Reconfiguring Backends#

  1. Resize the site backend:

    docker exec -ti opendj /opt/opendj/bin/dsconfig \
        --trustAll \
        --bindDN "cn=directory manager" \
        --port 4444 \
        --hostname 0.0.0.0 \
        set-backend-prop --backend-name site --set db-cache-percent:20
    
  2. Restart the OpenDJ container/service to free JVM heap memory.

  3. Resize the userRoot backend:

    docker exec -ti opendj /opt/opendj/bin/dsconfig \
        --trustAll \
        --bindDN "cn=directory manager" \
        --port 4444 \
        --hostname 0.0.0.0 \
        set-backend-prop --backend-name userRoot --set db-cache-percent:70
    
  4. Create the metric backend:

     docker exec -ti opendj /opt/opendj/bin/dsconfig \
        --trustAll \
        --bindDN "cn=directory manager" \
        --port 4444 \
        --hostname 0.0.0.0 \
        create-backend \
            --backend-name metric \
            --set base-dn:o=metric \
            --type je \
            --set enabled:true \
            --set db-cache-percent:10
    

Kubernetes Secrets#

For Kubernetes-based deployment, the Role object must be modified to add access to secrets API.

Example:

# config-roles.yaml
kind: Role
apiVersion: rbac.authorization.k8s.io/v1
metadata:
  name: gluu-role
  namespace: default
rules:
- apiGroups: [""] # "" refers to the core API group
  resources: ["configmaps", "secrets"]
  verbs: ["get", "list", "watch", "create", "update", "patch", "delete"]

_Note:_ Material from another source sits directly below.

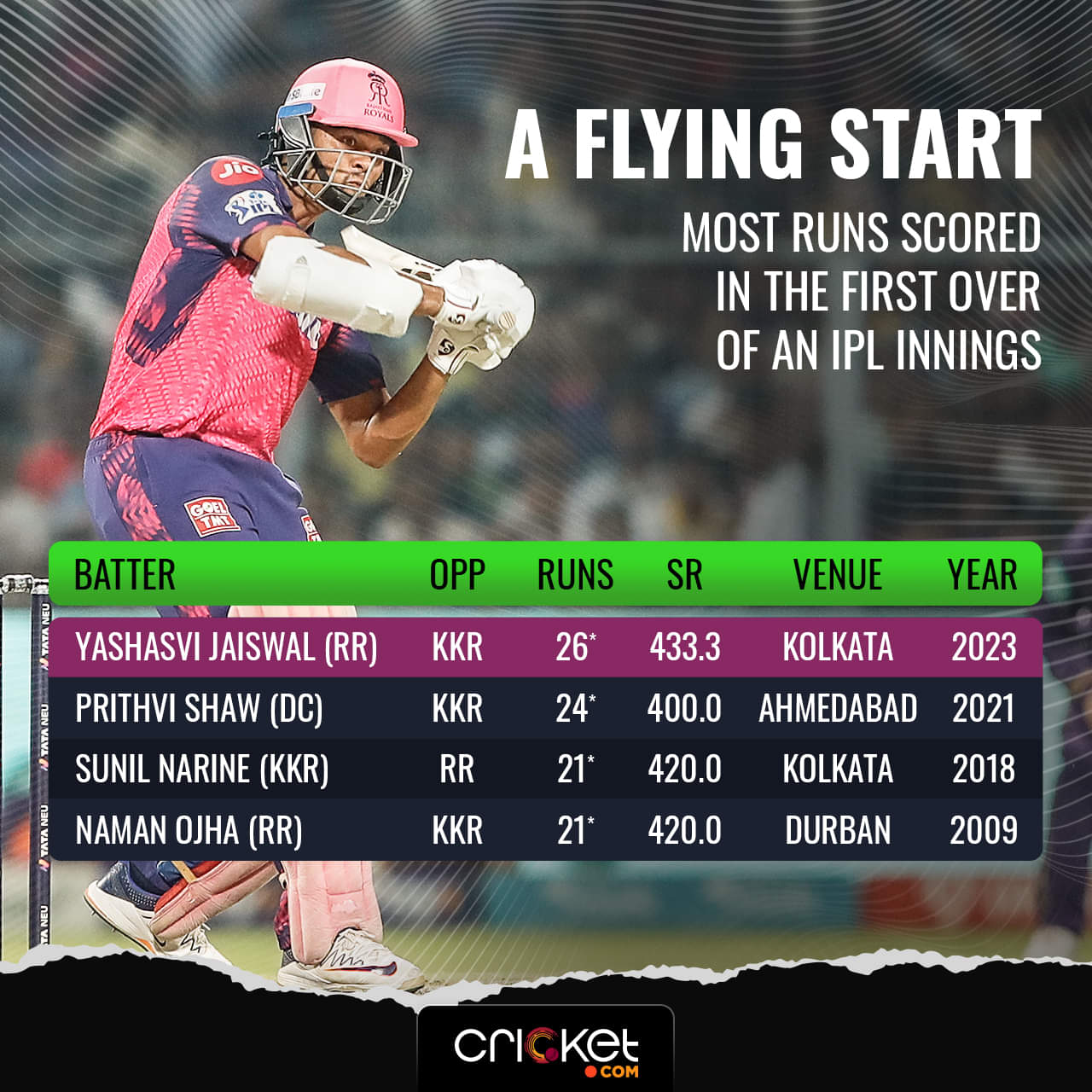 In this innings, Jaiswal became the second batter in the IPL to start the innings with two sixes. Virat Kohli, against Rajasthan in 2019, began with two sixes.

Afterwards, run the following command kubectl apply -f config-roles.yaml

Upgrade Container#

By running the gluufederation/upgrade:3.1.6_02 container, the LDAP data will be adjusted to match conventions in 3.1.6.

Upgrade container from 3.1.5#

```
docker run \
    --rm \
    --net container:consul \
    -e GLUU_CONFIG_CONSUL_HOST=consul \
    -e GLUU_SECRET_VAULT_HOST=vault \
    -e GLUU_LDAP_URL=ldap:1636 \
    -v /path/to/vault_role_id.txt:/etc/certs/vault_role_id \
    -v /path/to/vault_secret_id.txt:/etc/certs/vault_secret_id \
    gluufederation/upgrade:3.1.6_02 --source 3.1.5 --target 3.1.6
```

Upgrade container from 3.1.4#

```
docker run \
    --rm \
    --net container:consul \
    -e GLUU_CONFIG_CONSUL_HOST=consul \
    -e GLUU_SECRET_VAULT_HOST=vault \
    -e GLUU_LDAP_URL=ldap:1636 \
    -v /path/to/vault_role_id.txt:/etc/certs/vault_role_id \
    -v /path/to/vault_secret_id.txt:/etc/certs/vault_secret_id \
    gluufederation/upgrade:3.1.6_02 --source 3.1.4 --target 3.1.6
```

Note

The upgrade process doesn't update custom scripts for oxAuth/oxTrust to avoid overwriting a script that was modified by users. They must be updated them manually.